Stored data
+--
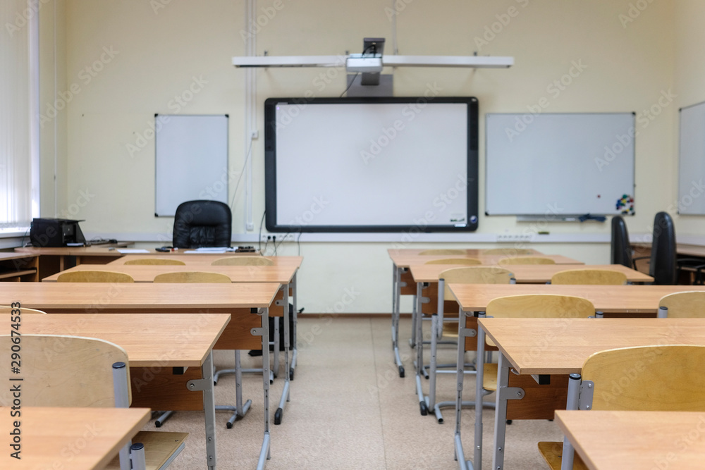 Moscow, Russia - September, 18, 2019: interior of an empty school classroom in Moscow secondary school
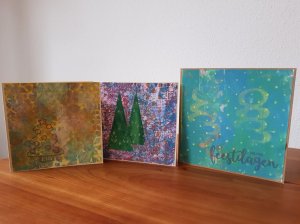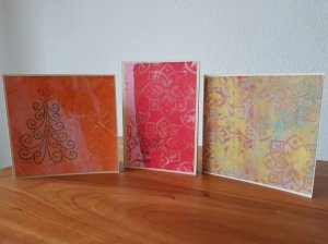 Omdat we door de coronamaatregelen niet met ons groepje Achterdoek bij elkaar kunnen komen doen we af en toe wat met een klein groepje. Woensdag gaf ik een mini workshop werken met de gelli plate aan 2 leden. De één had er nog nooit mee gewerkt, de ander al wel eerder. Het was een gezellige ochtend en de dames vonden het erg leuk.
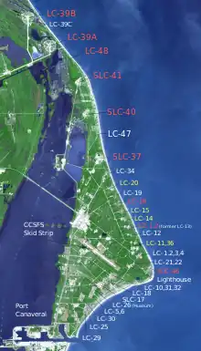 Photo aérienne du centre spatial Kennedy avec ses pas de tir. Le plus grand port spatial des Amériques.
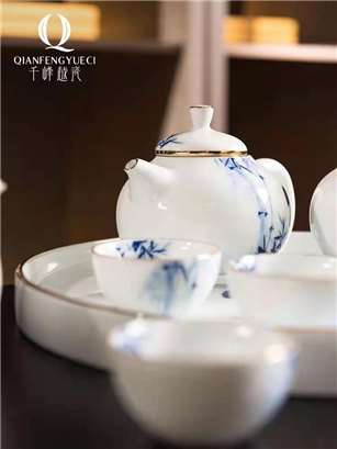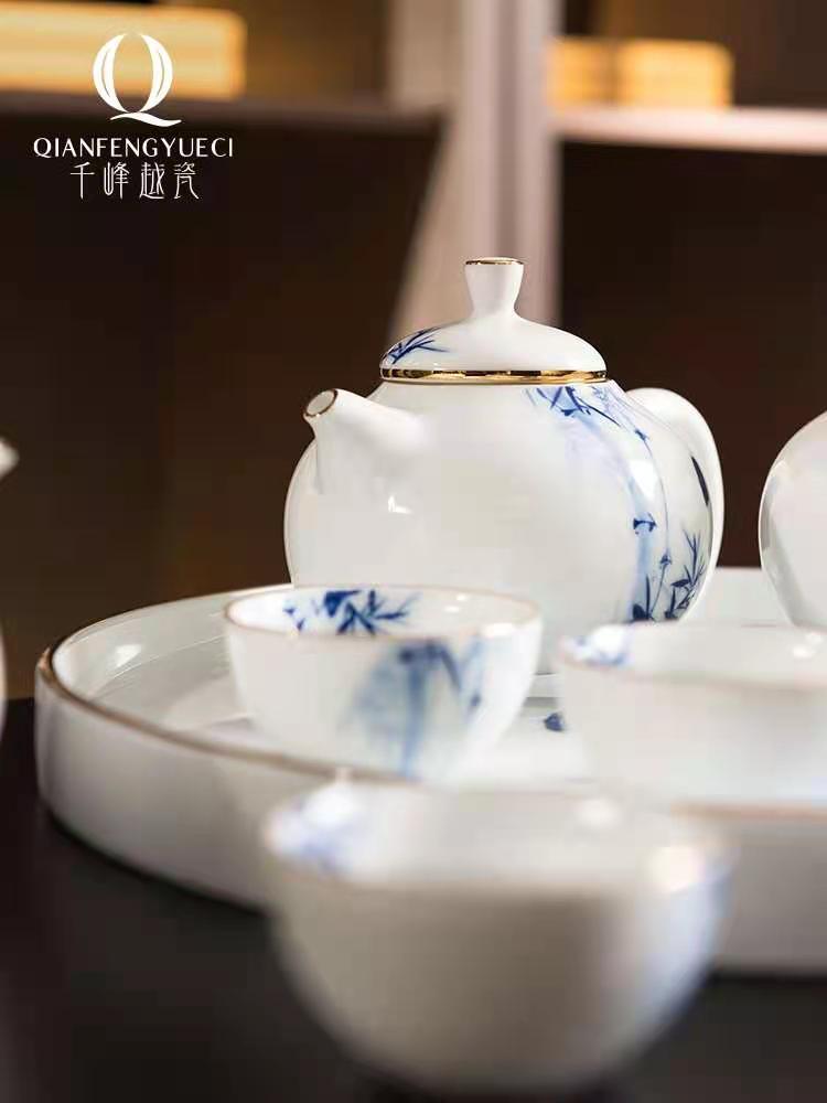 千峰翠国瓷10头若谷茶具竹+金
+--
Task details
Without changing a word, restate the listing above; the pictures stay out.

Output for this exercise
 Moscow, Russia - September, 18, 2019: interior of an empty school classroom in Moscow secondary school
 Omdat we door de coronamaatregelen niet met ons groepje Achterdoek bij elkaar kunnen komen doen we af en toe wat met een klein groepje. Woensdag gaf ik een mini workshop werken met de gelli plate aan 2 leden. De één had er nog nooit mee gewerkt, de ander al wel eerder. Het was een gezellige ochtend en de dames vonden het erg leuk.
 Photo aérienne du centre spatial Kennedy avec ses pas de tir. Le plus grand port spatial des Amériques.
 千峰翠国瓷10头若谷茶具竹+金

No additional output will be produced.